Архивный проект. Часть 36. Уильям Джеймс
В этой беседе Пятигорский совершает одну – мелкую, на первый взгляд – оплошность, которая, если вдуматься, составляет большую тему в разговоре о философе Уильяме Джеймсе. В самом начале, Александр Моисеевич аттестует Джеймса как мыслителя для Европы необычного, у которого не было предшественников – и очень мало продолжателей (среди которых назван француз Анри Бергсон; о нем речь пойдет в следующих двух выпусках рубрики). Между тем, Уильям Джеймс – американец; сам Пятигорский уже ближе к концу передачи несколько раз подчеркивает якобы чисто американский характер той или иной составной части его философии. Что это? Забывчивость? Небрежность? Даже если так, почти за каждой подобной оговоркой можно разглядеть довольно серьезные и интересные вещи, благодаря которым она, что называется «случилась», причем, случилась именно в том, а не ином виде.

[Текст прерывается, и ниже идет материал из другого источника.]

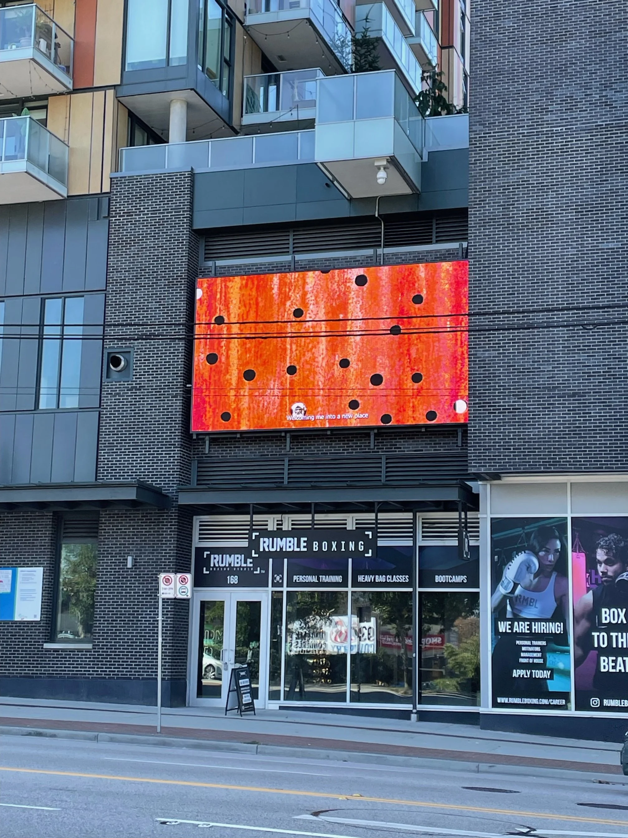 Students were honoured to have their work featured on a busy street corner at East Broadway and Kingsway in East Vancouver in a daily looping screening program for over a year. This screen is programed by grunt gallery, one of the city’s oldest artist-run centres. A kick off celebration and presentation by Fiona Tinwei Lam about the project and screening program took place in April 2024.

Уильям Джеймс – первый американский мыслитель в цикле Пятигорского. Вообще, вне пределов древних религиозных систем и средневековой Каббалы, все герои его бесед – европейцы; более того, за исключением Кьеркегора, это либо древние греки и римляне (в последнем случае – не этническое определение), либо – уже в Новом времени – немцы, французы и один шотландец. В дальнейшем (открою карты) эта тенденция сохранится – разве что добавятся два испанца (Ортега-и-Гассет и Унамуно), плюс, россыпью, Артур Кестлер, Мартин Бубер и вновь американец, Джон Дьюи. Конечно, Пятигорский уделил особое внимание и «русской философии», сделав о ней целый цикл (и мы последуем за ним непременно), но это во многом продиктовано, скорее, внефилософскими соображениями – учитывая аудиторию, которой предназначались эти беседы. Иными словами, западная философия для Пятигорского – прежде всего, немецкая и французская, с небольшими вкраплениями иных; отчасти поэтому, забывшись и назвав поначалу Уильяма Джеймса «европейцем», он говорит о его уникальности. И Джеймс действительно уникален; в данном тексте попробуем поговорить о его уникальности, поместив мыслителя в определенный историко-культурно-географический контекст. Сам Пятигорский вряд ли бы одобрил такой подход; одной из его любимых идей было то, что философия не имеет национальности и что разговоры о какой-то специальной «немецкой философии» или «русской философии» бессмысленны и вредны. Если мы говорим о «философии», о «мышлении», пожалуй, да. Но если речь идет об истории философии, даже, скорее, об «интеллектуальной истории», «истории идей», то нет. Тут Александр Моисеевич облегченно бы вздохнул и согласился, даже, пожалуй, махнул бы рукой, мол, давайте, валяйте, про историю и про культуру, все равно к настоящей философии ни то, ни другое отношения не имеет, и оттого лично мне, Пятигорскому, не очень интересно. Но, если вам самим интересно, то пожалуйста. А нам как раз интересно.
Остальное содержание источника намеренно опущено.